Конечно, такое отношение к нему оставалось бы и впредь, если бы война немцами не была проиграна. Теперь обаяние его в средних германских кругах, да также и в высших, сильно померкло (побежденный всегда не прав) – но все же у очень многих не исчезло совсем. Либеральная интеллигенция продолжает его с еще большею силою не любить. Говорят, что, кого боятся, того не любят… Но сильная в своей единодушной злобе ко всему монархическому, она, как и везде, зачастую становится смешною в своих преувеличенных опасениях и жалкою, когда на нее падают заслуженные ею удары ее противников.
Во всяком случае, как бы ни судить о Вильгельме II, все же приходится признать, что среди современных ему правителей он был наиболее оригинальным, даже красочным монархом, сумевшим, несмотря на свои странности, высоко держать знамя своей страны и много сделавшего для ее развития. Зачастую он бывал намного дальновиднее своих министров.
В отсутствие кайзера Германии приходится переживать намного более тяжелые дни.

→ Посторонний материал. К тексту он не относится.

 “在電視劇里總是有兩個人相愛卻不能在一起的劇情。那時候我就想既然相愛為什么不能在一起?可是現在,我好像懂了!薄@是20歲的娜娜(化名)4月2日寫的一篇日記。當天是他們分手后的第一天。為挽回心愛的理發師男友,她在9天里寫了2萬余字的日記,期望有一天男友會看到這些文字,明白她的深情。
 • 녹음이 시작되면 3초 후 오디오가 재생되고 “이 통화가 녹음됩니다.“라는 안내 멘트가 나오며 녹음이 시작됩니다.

И, кончено, не одна проигранная война является тут причиной.
Мне не кажется смешной его крепкая вера в свое высокое призвание, как и его упорное нежелание держаться в тени. Человек, недостаточно высоко ставящий свои обязанности, не верящий в их особую святость, не имеет и права управлять обширной страной. Он не только может, но и обязан как ответственный правитель своей страны идти против идей своего времени, если идеи эти – всегда преходящие – ему представляются малопродуманными, опасными для государства и для всей исторической жизни народа, ему врученного. Правда, в большинстве случаев борьба бывала в наши смутные дни неравна – заманчивые, но призрачные возможности «народоправства», внушенные кем-то безответственным большинству, обыкновенно временно побеждали. Но это, конечно, еще не означает, чтобы правда, бескорыстие, совесть и вдумчивость были на стороне таких победителей.
Стремления императора Вильгельма II быть самостоятельным мне всегда поэтому нравились, да и не мне одному – монарх, призванный властвовать на благо страны, для успешности такого властвования необходимо должен стремиться быть самодержавным, в особенности когда начинают замечаться признаки смуты. Пока идет все гладко, можно и забавляться самоуправлением, но только не в дни народных бедствий.

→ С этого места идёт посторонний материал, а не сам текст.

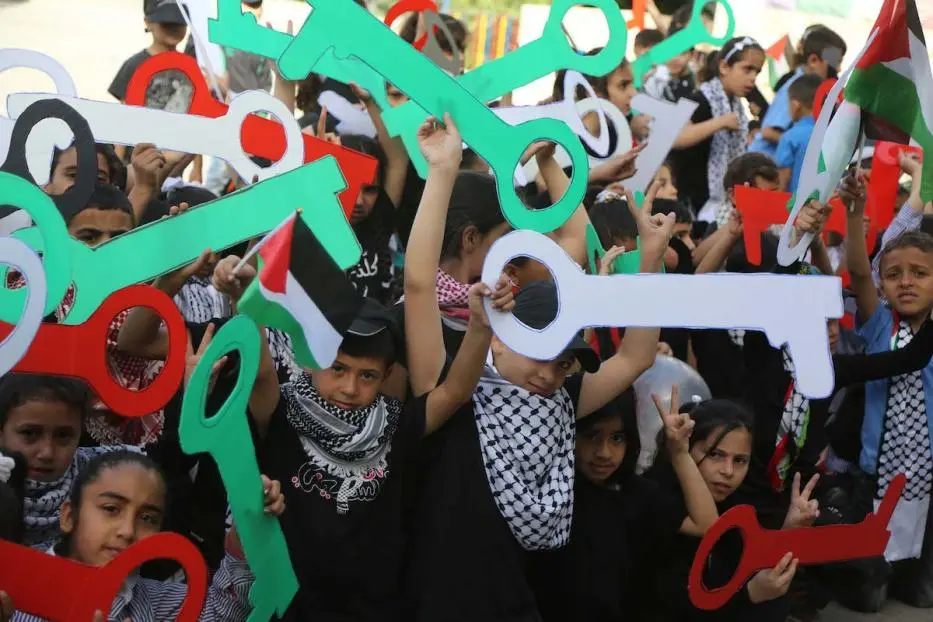 المفتاح يرمز إلى النكبة (النكبة الفلسطينية في أيار / مايو 1948) التي سحق فيها المستعمرون اليهود الأوروبيون، بدعم من القوى الغربية، المقاومة البدائية والبطولية للسكان الفلسطينيين والعرب الذين ثاروا ضد خطة الأمم المتحدة الظالمة (التي تُسيطر عليها القوى الاستعمارية) عام 1947. تمثلت هذه الخطة في تقسيم فلسطين إلى قسمين (56٪ من الأراضي لـ 300.000 يهودي وصلوا حديثًا و 44٪ لمليون فلسطيني، أهل البلد). أعلن اليهود من جانب واحد تأسيس دولة إسرائيل التي اعترفت بها القوى العظمى على الفور، وخاصة القوى الأوروبية، المستفيدة الحقيقية. بذلك حققوا هدفاً مزدوجاً وغير أخلاقي: من جانب التخلص من يهود أوروبا، ومن جانب آخر إنشاء دولة شرق أوسطية تعمل كحاملة طائرات برية لحماية مصالحهم، بالضبط كما اعترف بذلك رئيس الوزراء الإسرائيلي إسحاق رابين بنفسه. وهكذا، أصبحت الغالبية العظمى من الشعب الفلسطيني لاجئين بين عشية وضحاها

Это понимает и демократическая Америка, давая в таких случаях всю полноту власти своему президенту. Наполеон, рожденный «освободительной» революцией, в подобных случаях любил повторять: «Никаких клубов и никаких партий! Никаких теорий, народных правительств, фраз и речей идеологов! Им просто дают какую-нибудь игрушку, с которой они забавляются и проводят время!»
Эти слова, наверное, находили живой отклик в душе не одного только Вильгельма II. Но в его дни, как и в дни современных ему монархов, единственной игрушкой, с которой желали «проводить время», являлся только парламент и своя партия, а немецкий Рейхстаг тогда был еще достаточно ловок, чтобы по всякому поводу желать стать поперек всем стремлениям своего кайзера.

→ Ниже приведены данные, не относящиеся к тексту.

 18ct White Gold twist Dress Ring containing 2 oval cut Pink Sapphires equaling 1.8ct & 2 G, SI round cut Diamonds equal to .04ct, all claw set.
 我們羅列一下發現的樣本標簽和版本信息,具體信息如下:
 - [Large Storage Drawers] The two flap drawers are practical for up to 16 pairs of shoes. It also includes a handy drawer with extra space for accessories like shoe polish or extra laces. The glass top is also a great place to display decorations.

Сам император Вильгельм II не имел ни характера, ни ловкости Эдуарда VII, умевшего подчинять парламент своим желаниям, как не был и Кавуром, который мог утверждать, что «никогда он так самодержавно не управлял, как при парламенте».
Он чувствовал себя и слишком прирожденным монархом, чтобы проникнуться заветами политических вождей типа Кемаль-паши, после своей 20-летней успешной деятельности в таких словах признававшегося своему другу: «Лишь в собственном, глубоком сознании, что ты не велик, а очень мал и слаб; что ты не имеешь поддержки ни от кого и ниоткуда, ты в конце концов сможешь восторжествовать над всеми препятствиями. И если из-за этого тебя будут называть великим, ты можешь таким людям просто смеяться в лицо…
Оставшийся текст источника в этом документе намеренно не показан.